The hardware design techniques employed for an application will establish the baseline immunity performance. The purpose of hardware techniques is to reduce the level or frequency content of immunity signals below that needed to cause performance degradation or long-term microcontroller (MCU) reliability problems.
Hardware techniques should be maximized to ensure desired
electromagnetic compatibility (EMC) performance before attempting any software techniques. This is important because software techniques do not reduce the level of immunity signals to which the MCU is exposed " they only reduce the impact of these signals on system operation. Even though the application performance may not be degraded, exposure to immunity signals can adversely affect long-term reliability.
In order to produce an application that meets both the mandated EMC requirements and minimizes cost, the design process must be both methodical and iterative. Rigorous system and PCB design methodologies are required to ensure quality and consistency in the design process. Without such methodologies, achieving EMC compliance will be accidental and unrepeatable. The design process must also be iterative to ensure the best possible system design and PCB layout at the lowest cost.
A design that minimizes cost cannot be completed properly in one pass " regardless of the quality of personnel or tools. An EMC-compliant, low-cost application is the result of close and consistent collaboration between the EMC engineer and all other engineering disciplines (i.e. " electrical engineers, mechanical engineers, PCB layout engineers, etc).
Building Blocks of Transient Suppression and Control
Components used to suppress or control transients can be grouped into two main categories: 1) components that shunt transient currents (voltage limiters), and 2) components that block transient currents (current limiters).
Note that depending on the rise time (frequency bandwidth) of the transient, a component may function as either a shunt or a block. For instance, at a slow rise time (low frequency bandwidth) an inductor will have little impedance (a shunt). At faster rise times (higher frequency bandwidth), an inductor will have greater impedance (a block).
As a result, transient suppression components must be carefully selected for the optimal operating conditions. The actual performance of the component in the application will depend on the radio frequency (RF) characteristics of the component and the physical geometry of the board layout.
Resistors.

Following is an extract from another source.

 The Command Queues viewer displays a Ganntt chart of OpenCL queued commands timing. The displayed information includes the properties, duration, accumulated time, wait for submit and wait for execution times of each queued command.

A series resistor between two nodes can provide inexpensive and effective transient protection. Resistance can be used to create low-pass filters and to decouple power domains.

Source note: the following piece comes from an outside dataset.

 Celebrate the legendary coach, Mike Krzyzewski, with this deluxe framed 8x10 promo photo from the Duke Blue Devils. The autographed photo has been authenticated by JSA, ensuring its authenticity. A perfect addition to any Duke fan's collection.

In these applications, a series resistor is used to block or limit transients with frequency- independent resistance. Series resistance is primarily suited to protecting digital or analog signals that carry low currents and can accept a modest voltage drop (across the series resistance). Typically, wire wound or carbon composition resistors are used due to their ability to survive large transient currents.
Important characteristics to consider when selecting resistors are the steady-state maximum power rating, maximum working voltage, and dielectric withstand voltage. The parasitic shunt capacitance and series inductance of a resistor do not require special consideration in transient protection applications.
Capacitors. Capacitors are used in a variety of transient protection roles: bypassing or charge storage (as a limiter of voltage variations) and power decoupling (as a shunt element in a low-pass filter or a series element in a high-pass filter).